### AIM OF THE TASK
The answer should hold only the lines from the one containing "Sonnen- und Sichtschutz." through the one containing "This mens shirt" in the entries below, copied exactly, without pictures.

### RECORDS PROVIDED
● ● ●
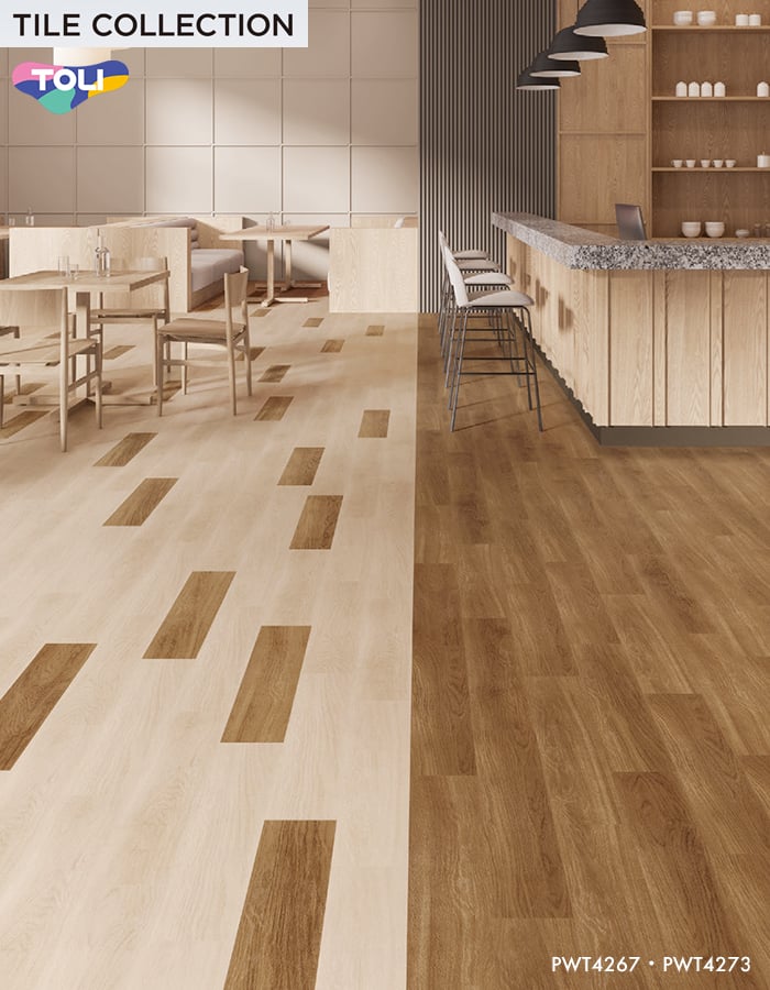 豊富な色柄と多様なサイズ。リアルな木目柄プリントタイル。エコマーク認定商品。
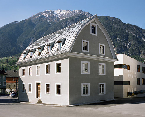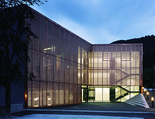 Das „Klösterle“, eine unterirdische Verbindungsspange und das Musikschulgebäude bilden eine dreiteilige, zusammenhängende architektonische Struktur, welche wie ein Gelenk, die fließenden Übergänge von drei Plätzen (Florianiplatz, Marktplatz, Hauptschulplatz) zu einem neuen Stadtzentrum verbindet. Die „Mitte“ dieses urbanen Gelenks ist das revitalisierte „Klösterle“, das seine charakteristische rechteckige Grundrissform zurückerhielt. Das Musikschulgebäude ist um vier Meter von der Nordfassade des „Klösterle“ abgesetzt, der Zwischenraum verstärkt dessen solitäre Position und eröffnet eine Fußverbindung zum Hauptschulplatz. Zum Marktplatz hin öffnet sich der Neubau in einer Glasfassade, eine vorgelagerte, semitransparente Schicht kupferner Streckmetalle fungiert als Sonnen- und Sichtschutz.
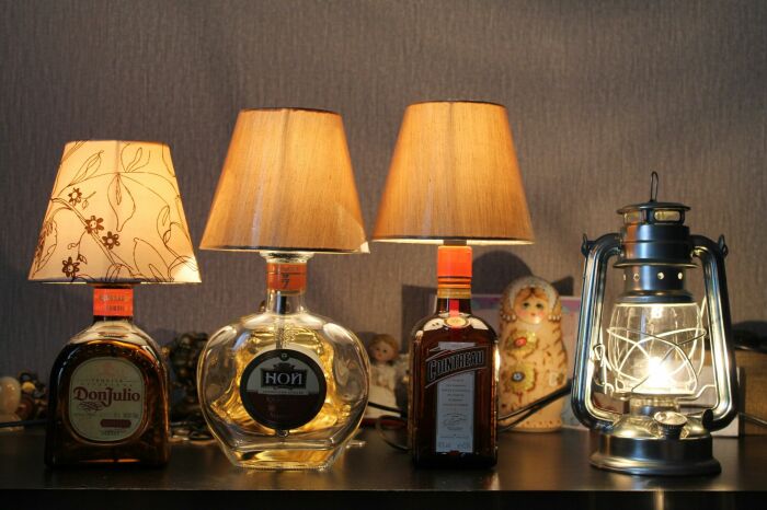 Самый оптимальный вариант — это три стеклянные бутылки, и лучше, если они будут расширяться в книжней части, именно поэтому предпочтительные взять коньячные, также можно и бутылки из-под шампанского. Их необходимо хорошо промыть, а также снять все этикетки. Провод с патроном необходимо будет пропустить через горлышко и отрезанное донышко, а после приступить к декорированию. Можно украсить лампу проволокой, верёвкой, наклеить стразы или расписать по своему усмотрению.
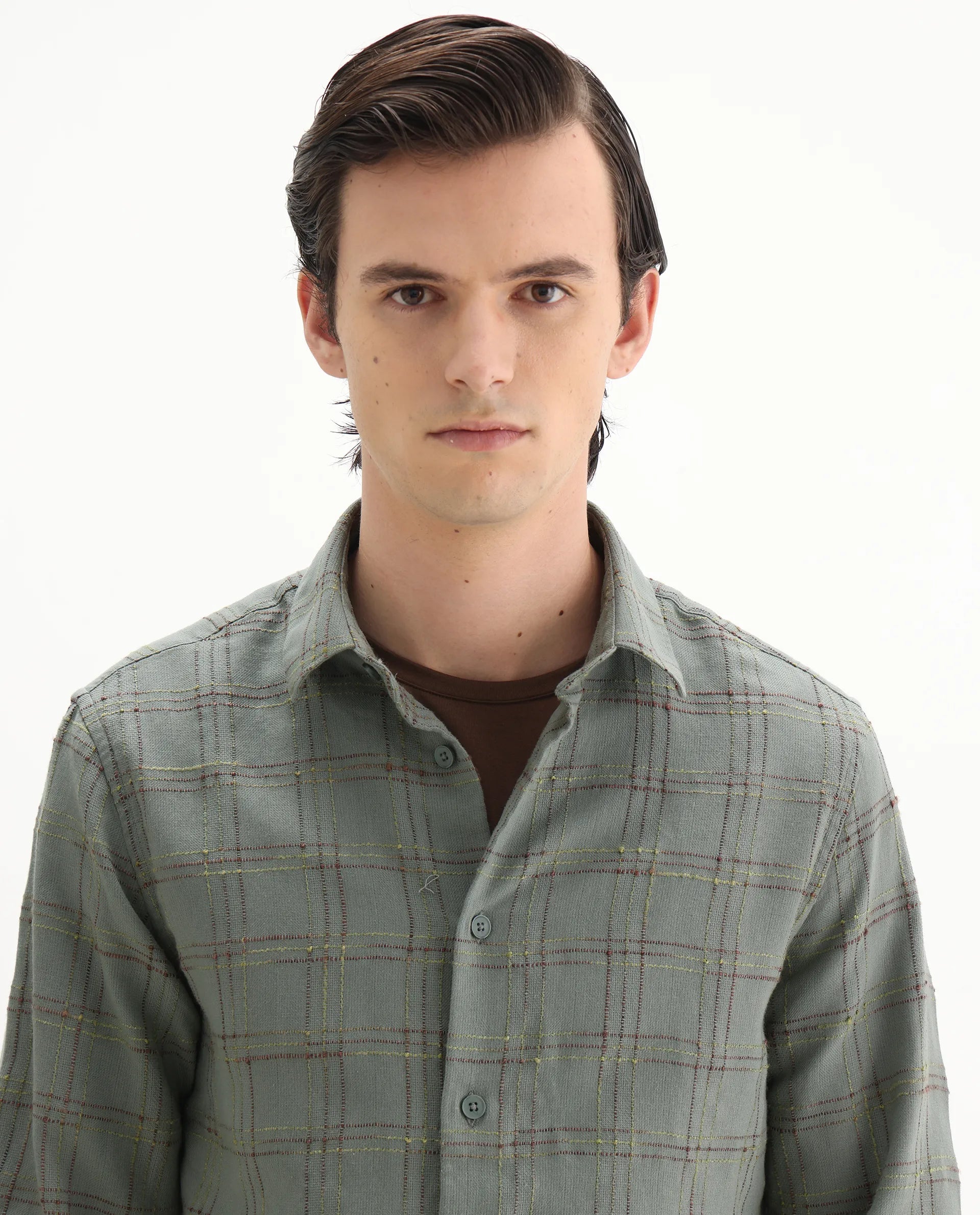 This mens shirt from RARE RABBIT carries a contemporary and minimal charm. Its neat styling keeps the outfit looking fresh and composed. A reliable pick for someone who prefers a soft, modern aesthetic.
● ● ●
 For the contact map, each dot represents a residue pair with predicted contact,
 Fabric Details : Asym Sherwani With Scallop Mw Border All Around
● ● ●
### SOLVED EXERCISE
 Das „Klösterle“, eine unterirdische Verbindungsspange und das Musikschulgebäude bilden eine dreiteilige, zusammenhängende architektonische Struktur, welche wie ein Gelenk, die fließenden Übergänge von drei Plätzen (Florianiplatz, Marktplatz, Hauptschulplatz) zu einem neuen Stadtzentrum verbindet. Die „Mitte“ dieses urbanen Gelenks ist das revitalisierte „Klösterle“, das seine charakteristische rechteckige Grundrissform zurückerhielt. Das Musikschulgebäude ist um vier Meter von der Nordfassade des „Klösterle“ abgesetzt, der Zwischenraum verstärkt dessen solitäre Position und eröffnet eine Fußverbindung zum Hauptschulplatz. Zum Marktplatz hin öffnet sich der Neubau in einer Glasfassade, eine vorgelagerte, semitransparente Schicht kupferner Streckmetalle fungiert als Sonnen- und Sichtschutz.
 Самый оптимальный вариант — это три стеклянные бутылки, и лучше, если они будут расширяться в книжней части, именно поэтому предпочтительные взять коньячные, также можно и бутылки из-под шампанского. Их необходимо хорошо промыть, а также снять все этикетки. Провод с патроном необходимо будет пропустить через горлышко и отрезанное донышко, а после приступить к декорированию. Можно украсить лампу проволокой, верёвкой, наклеить стразы или расписать по своему усмотрению.
 This mens shirt from RARE RABBIT carries a contemporary and minimal charm. Its neat styling keeps the outfit looking fresh and composed. A reliable pick for someone who prefers a soft, modern aesthetic.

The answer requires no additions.